Peristiwa yang diselidiki ini melibatkan seorang warga lanjut usia (lansia) yang menjadi target upaya penculikan tersebut. Aksi yang mencurigakan ini berhasil terekam oleh kamera pengawas (CCTV) yang terpasang di sekitar lokasi kejadian.

Menurut keterangan resmi dari pihak kepolisian, insiden ini diperkirakan terjadi pada bulan Mei 2026. Waktu kejadian spesifik yang tercatat adalah sekitar pukul 06.55 WIB, saat suasana pagi masih ramai aktivitas olahraga.

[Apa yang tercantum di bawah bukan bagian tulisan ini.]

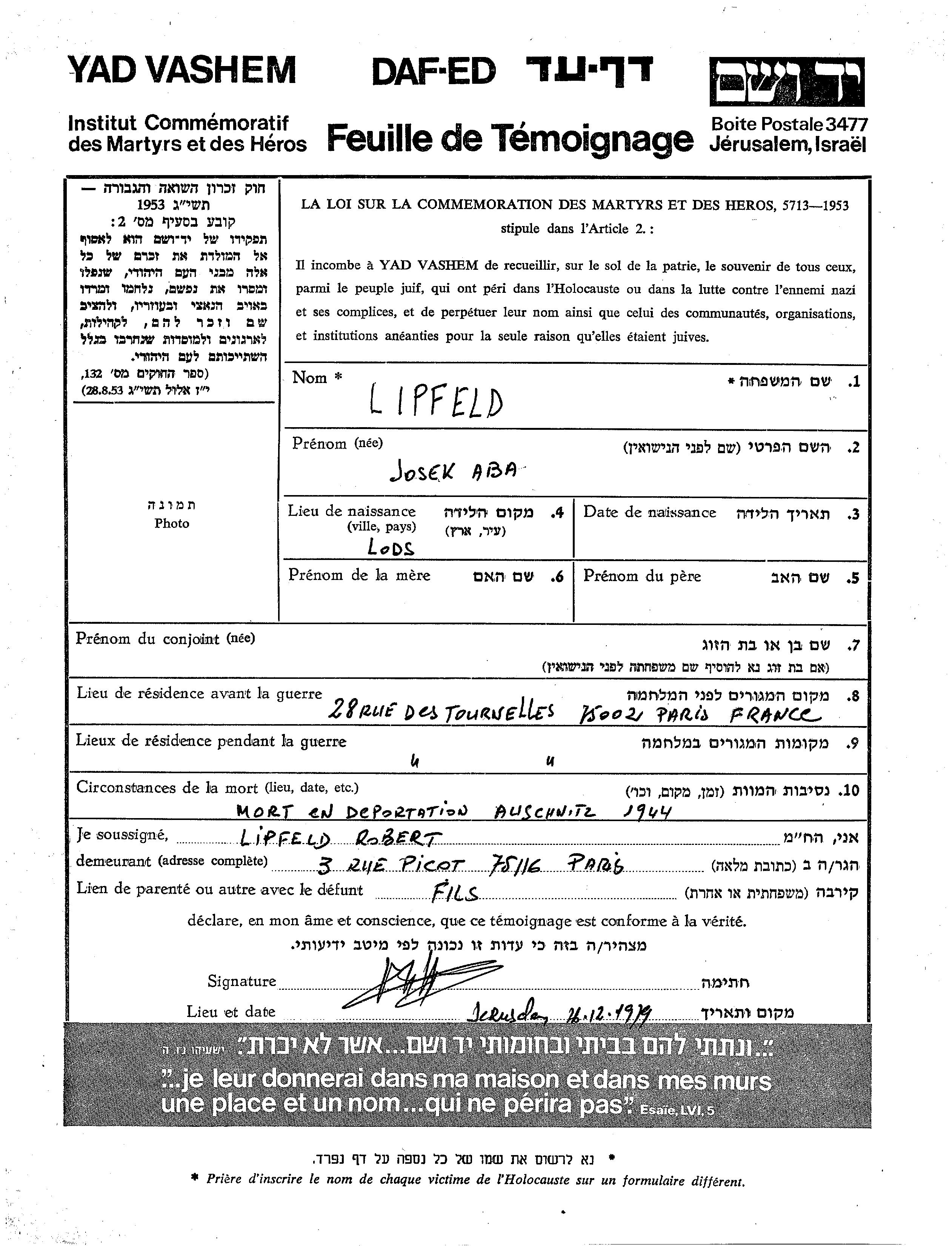 Josek Aba Lipfeld wurde in Lodz, Polen geboren. Vor dem Zweiten Weltkrieg lebte er in Paris, Frankreich. Während des Krieges war er in Paris, Frankreich.

Korban dari dugaan percobaan penculikan ini diketahui adalah seorang pria lanjut usia dengan inisial GH, yang saat kejadian tengah berusia 70 tahun. Selain sebagai pensiunan, korban juga diketahui berstatus sebagai karyawan swasta.

Kepala Unit (Kanit) Reserse Kriminal (Reskrim) Polsek Metro Penjaringan, AKP Sampson Sosa Hutapea, memberikan konfirmasi mengenai detail penanganan kasus ini. Pihak kepolisian telah melakukan pendalaman terhadap bukti-bukti yang ada.

AKP Sampson Sosa Hutapea menjelaskan kronologi awal dari kejadian tersebut. "Peristiwa tersebut terjadi sekitar bulan Mei 2026 pada pukul 06.55 WIB," ujar AKP Sampson Sosa Hutapea.

Ia juga mengidentifikasi identitas korban serta status pekerjaannya saat itu. "Korban merupakan pria lanjut usia (lansia) berinisial GH (70) yang juga karyawan swasta," kata AKP Sampson Sosa Hutapea.

Lebih lanjut, AKP Sampson Sosa Hutapea menegaskan bahwa penyelidikan didukung oleh bukti visual yang kuat. "Aksi pelaku juga terekam kamera pengawas (CCTV) di sekitar lokasi kejadian," tegas AKP Sampson Sosa Hutapea.

Dikutip dari JakartaHype.com, pengungkapan kasus ini menunjukkan kesigapan aparat dalam menanggapi laporan percobaan tindak kriminalitas terhadap kelompok rentan, seperti warga lanjut usia. Pihak kepolisian terus mengimbau masyarakat untuk meningkatkan kewaspadaan, terutama saat beraktivitas di ruang publik pada jam-jam sepi.